Maintains one connection per each thread, never moving to another thread. this is used for SQLite and other databases with a similar restriction.
the mapper package provides object-relational functionality, building upon the schema and sql packages and tying operations to class properties and constructors.
Persists object instances to and from schema.Table objects via the sql package. Instances of this class should be constructed through this package's mapper() or relation() function.

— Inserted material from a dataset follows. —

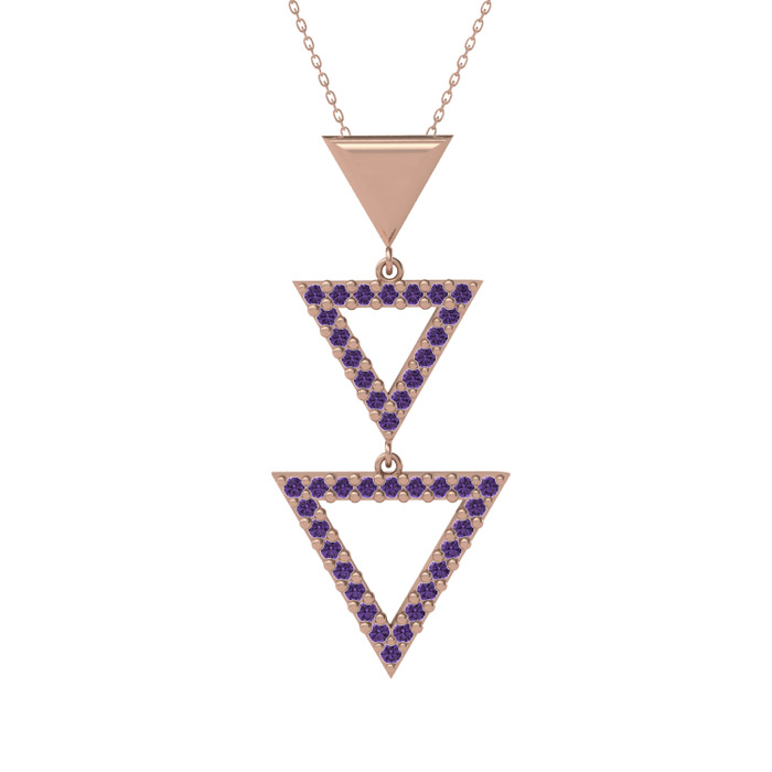 Ametist 14 ayar rose altın kolye (40 cm rose altın rolo zincir)

encapsulates the object-fetching operations provided by Mappers.
provides the Session object and a function-oriented convenience interface. This is the "front-end" to the Unit of Work system in unitofwork.py. Issues of "scope" are dealt with here, primarily through an important function "get_session()", which is where mappers and units of work go to get a handle on the current threa-local context.
returned by Session.begin(), denotes a transactionalized UnitOfWork instance. call commit() on this to commit the transaction.
raised for all those conditions where invalid arguments are sent to constructed objects. This error generally corresponds to construction time state errors.
corresponds to internal state being detected in an invalid state
sqlalchemy was asked to do something it cant do, return nonexistent data, etc. This error generally corresponds to runtime state errors.
raised when the execution of a SQL statement fails. includes accessors for the underlying exception, as well as the SQL and bind parameters
An SQLEngine proxy that automatically connects when necessary.
SQLEngine proxy. Supports lazy and late initialization by delegating to a real engine (set with connect()), and using proxy classes for TypeEngine.